May I know which DRIVE OS version you’re using? I always observe “GR3D_FREQ 0%@1275 GR3D2_FREQ 0%@1275”.

Hi,
Since the default ‘send-receive’ loop value is too short to observe the tegrastats’ output, I suggest you to modify the loop times from 32 to 32768, which is located at line 981 of file block_producer_uc1.c, then you will see the valid frequency data after you launch the nvscistream_event_sample application.

"
line 981 if (prodData->counter == 32768) {
"
BTW, my driveOS version is 6.0.

I’m seeing “GR3D_FREQ 1%@1275 GR3D2_FREQ 1%@1275” on my environment.
Please share your version from “$ cat /etc/nvidia/version-ubuntu-rootfs.txt”.

Hi,

The content is “6.0.2.0-29628971”, your frequency is at 1275, and mine is at 114, does that means your device is working on full performance mode?
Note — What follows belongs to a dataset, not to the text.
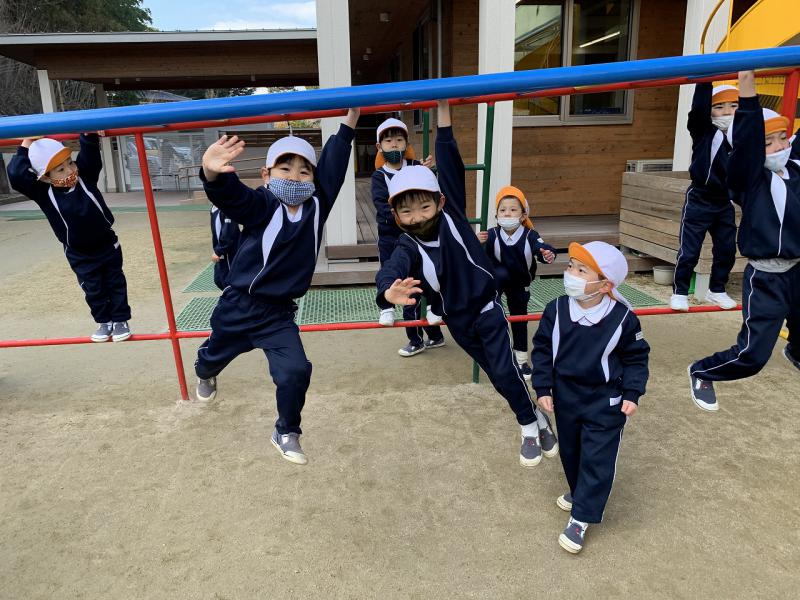 最近では年長さんが縄跳びをして遊んでいる姿を見て、「私もやってみよう!」「僕もできるかな」と憧れているようで、縄跳びに挑戦する姿が見られるようになりました。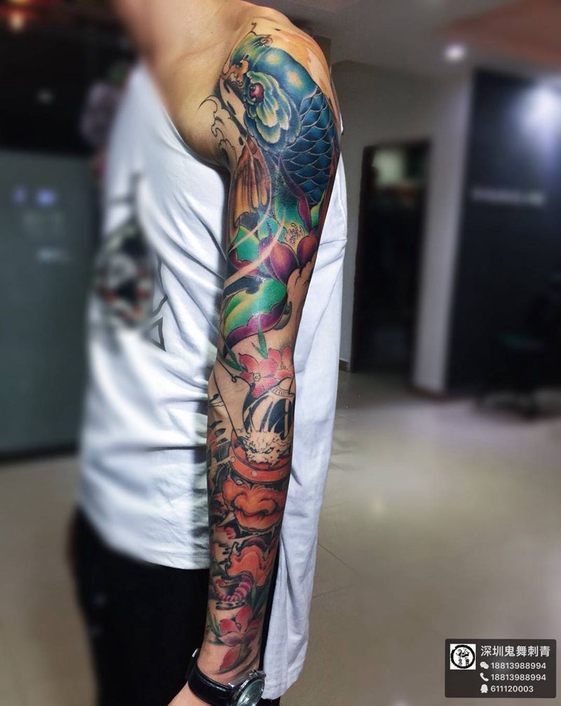 当前位置: 首页 >广东省深圳市纹身店-深圳鬼舞刺青工作室纹身图案>重彩花臂未完纹身图片

It’s expected to always be running 1275 MHz. Please always upgrade to the latest version. Thanks.

Hi,
emmm…
Let’s go back to the topic, even if I set it to full performance mode(1275), GR3D still has consumption(1% on your side), how to explain this?

You can check the source or investigate it with nsight to get more insight on this.